The Supremes acknowledged that drug identification information might also fall under the published compilation hearsay exception under Evidence Code section 1340, as some lower courts had held. (Because the Court found the database was background information, it did not reach the 1340 question.) But the court observed that admissibility under one theory does not preclude admissibility under others.

Thus, drug identification information from an internet database on which experts reasonably relied was admissible background hearsay, regardless of its additional admissibility as a published compilation.

My mental model

I analyze case-specific v. background issues like this: if I change the players or the events in this case, does that change the hearsay information? For instance, the gang’s symbol is a diamond tattoo, whether or not this defendant has a diamond tattoo. Similarly, pills with “GG32-or 249” contain alprazolam, whether or not this pill has such a mark.

The line of lower court cases affected by Veamatahau is below.
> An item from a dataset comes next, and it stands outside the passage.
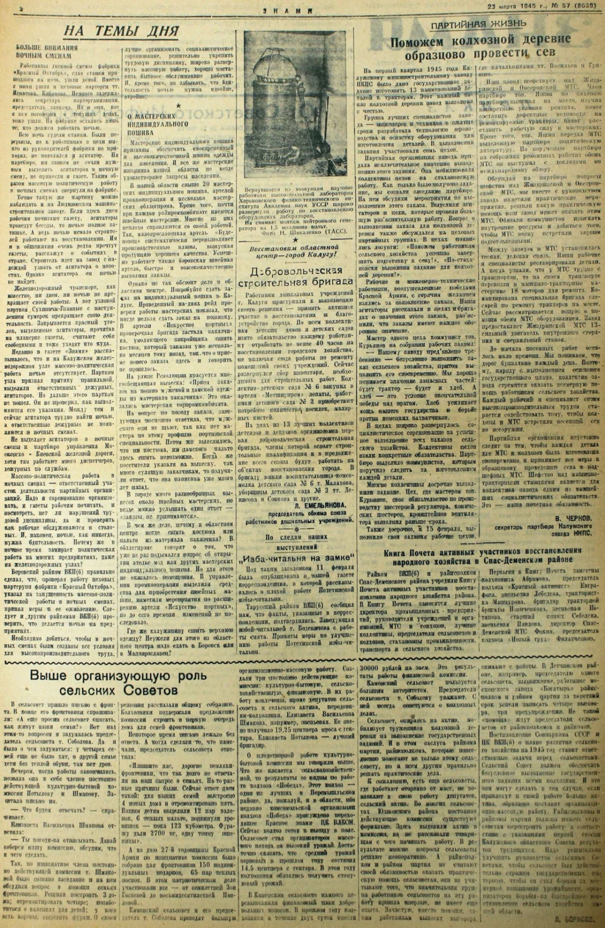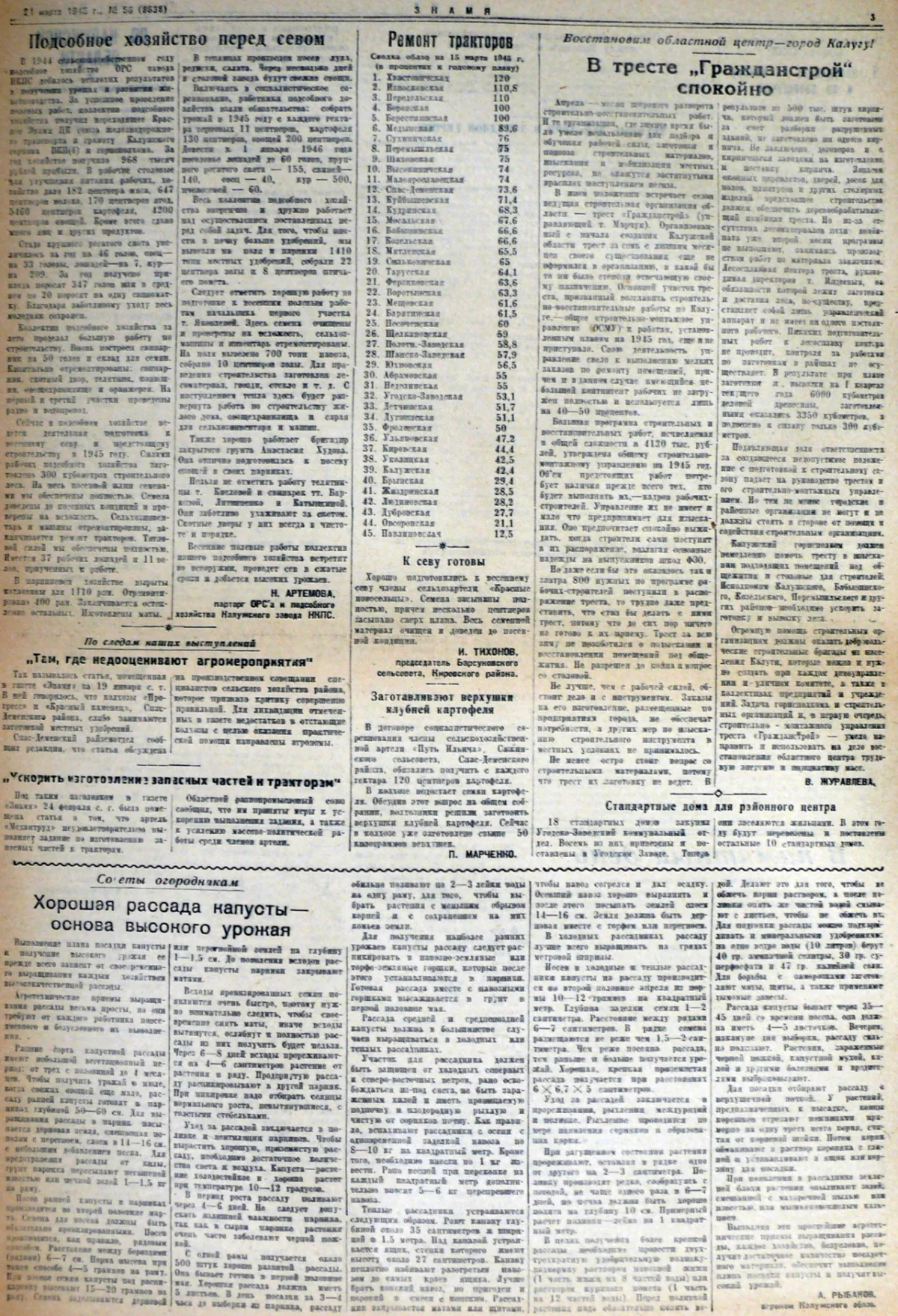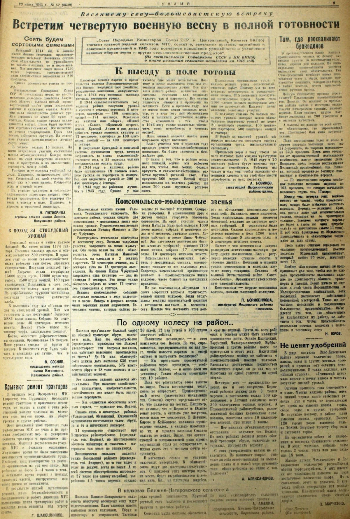 В этот день областная газета «Знамя» рассказала о начале посадок цветов в оранжереях «Калужского треста». Согласно данным газеты, высажено 70 тысяч штук цветочной рассады. А в скверах трес обещал в 1945 году посадить 500 декоративных деревьев.

  • People v. Stamps (2016) 3 Cal.App.5th 988. The Supreme Court’s Veamatahau decision disapproved this decision. This was the first published opinion about online drug-identification databases. Stamps held that website information about pill markings was case-specific hearsay. The court reasoned that “the chemical composition of the pills” must be case-specific. (The Attorney General did not argue the information was a published compilation until the petition for rehearing, so the court did not analyze whether Evidence Code section 1340 or another hearsay exception applied.)
  • People v. Mooring (2017) 15 Cal.App.5th 928. Held the Ident-A-Drug website was a published compilation under Evidence Code section 1340. Case did not examine whether the website was case-specific hearsay or background information.
  • People v. Espinoza (2018) 23 Cal.App.5th 317. The Second District Court of Appeals agreed with Mooring that the Ident-A-Drug website is a published compilation under Evidence Code section 1340. Like the Mooring court, the Espinoza court did not examine the case-specific v. background issue.
  • People v. Veamatahau (2018) 24 Cal.App.5th 68. In its third published decision on drug identification websites, the First District holds that information about pill markings (from the FDA in this case) was background information, not case-specific hearsay. The court declined to examine whether the website was a published compilation.